Today I lost my peanut-butter virginity. Specifically, I mixed up some epoxy and thickened it with wood flour, which is refined sawdust. After achieving a peanut-butter consistency -- similar color, too -- I loaded it into a makeshift pastry bag (a freezer bag with a corner cut out). Then I squeezed the mixture into the gaps all around the bow and stern transoms.
Theoretically I went between stitches, and will fill everything in after this batch cures and I pull the stitches. However, I am pretty sure I glued in a couple of stitches, too, despite my attempts at neatness. I am assured there is a method for getting them out.
As you can see, I didn't make much of an attempt to get these "tacks" purty-looking, on account of they will be covered by fillets later (no, not beef loin or salmon -- I'll explain later).

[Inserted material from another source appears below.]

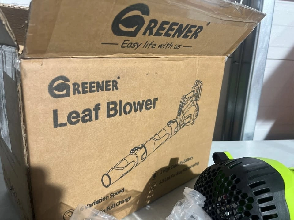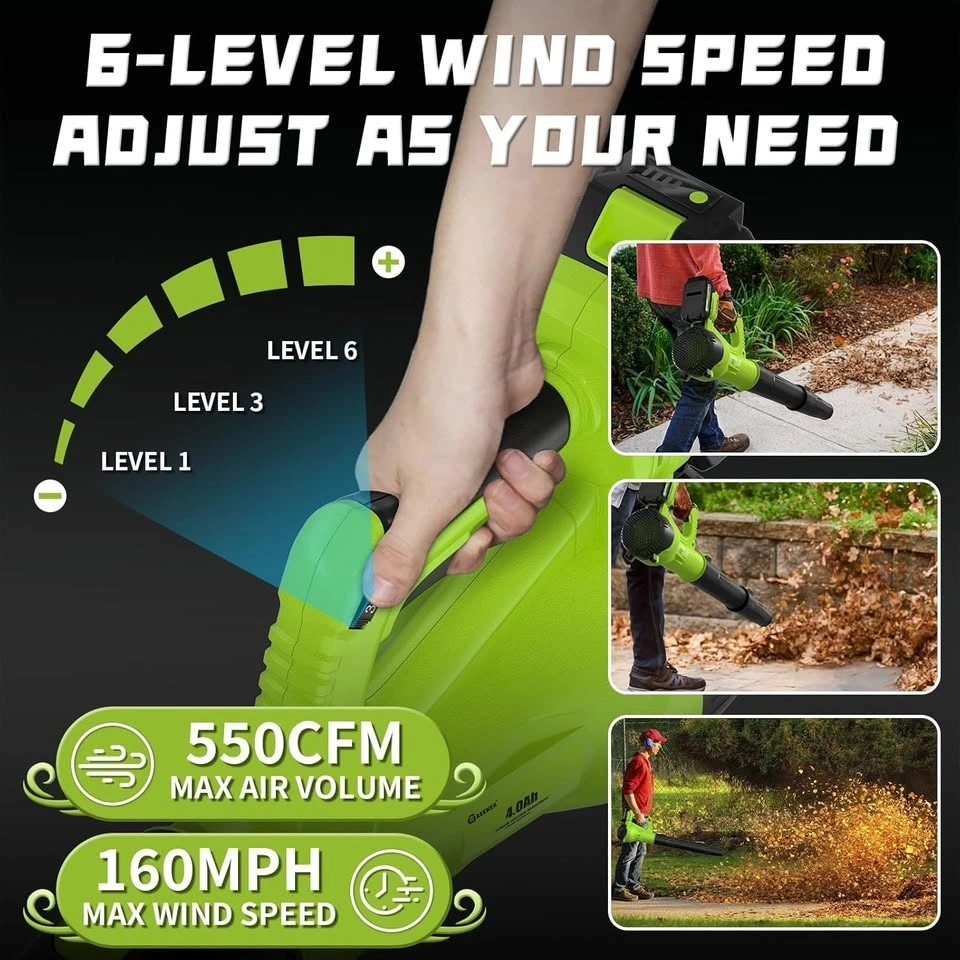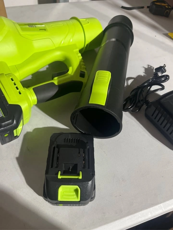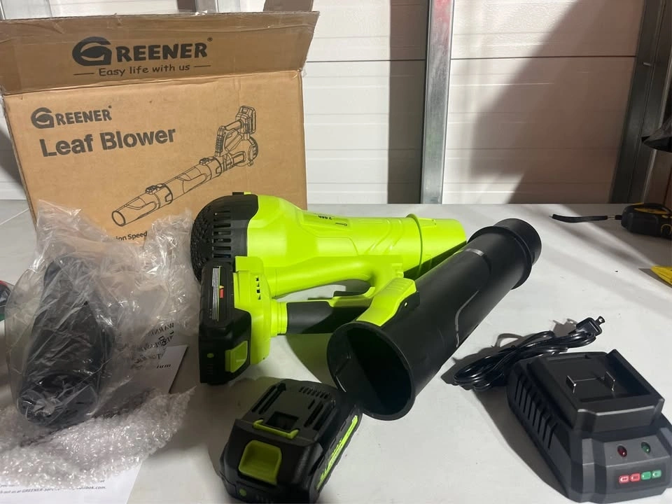 Dual 21V 2.0Ah Batteries. The dual-battery facilitates alternating use, enabling continuous operation for up to 50 minutes in high-speed mode (25 minutes per battery). Two powerful batteries ensure uninterrupted yard work efficiency. This cordless leaf blower provides complete freedom of movement, making it ideal for tackling large yards and those tricky, hard-to-reach areas. Weighing in at just 5.5 lbs, its lightweight design enables comfortable one-handed operation. Additionally, it features a convenient trigger lock to maintain your desired speed, from swift cleanups to extended gardening sessions delivering both flexibility and efficiency for all your outdoor chores. The GREENER portable leaf blower features 6 customizable speed settings that accelerates airspeed to an impressive 160 MPH, allowing you to tailor the airflow to the intensity of your cleaning tasks. With an automatic speed lock feature, you can free up your hands while you work. Whether you're clearing light debris or tackling heavy leaf piles, with 550 CFM effortlessly switch between speeds to match the job at hand. This electric leaf blower features two tubes that can easily be extended or utilized independently. The GREENER battery leaf blower can be assembled in minutes, just install two nozzles and a battery to start the leaf blower. It is perfect for everyday use whether you re clearing leaves from the yard, debris from the deck, or dust and clutter from the garage and porch. The fast charger fully replenishes a battery in just 1 hour, ensuring minimal downtime. Its LED indicator signals red during charging and green when fully charged. Built-in charger diagnostic program provides overheat protection and overcharge protection for battery charging. Additionally, the power indicator light offers clear visibility of the remaining battery life and charging status. To maximize battery lifespan, we recommend fully charging before initial use and allowing a 5-minute cooldown period post-use to prevent overheating. While the battery can be stored for about a year when fully charged, we advise recharging every six months for optimal performance.

But I did try to wipe up any excess that won't otherwise be covered up.
In one other respect did my virtue depart: I experienced, for the first time, a batch of epoxy "going off." This is epoxy professional slang for epoxy starting to get warm if it's in a bug glump and starts to cure. It generates its own heat. So the pastry bag got warm in my hand as I worked. It went off. I am not sure what this specific use of slang says about the epoxy community. Sure, I don't want to know.
As so many others have reported, I used less than the recommended amount of epoxy (I made four ounces -- the instructions called for six -- and I had a little left over).
In two days' time, after the epoxy cures, I'll pull the stitches out (I hope). The transoms will be tacked in place. And then I will apply fillets. Just you wait.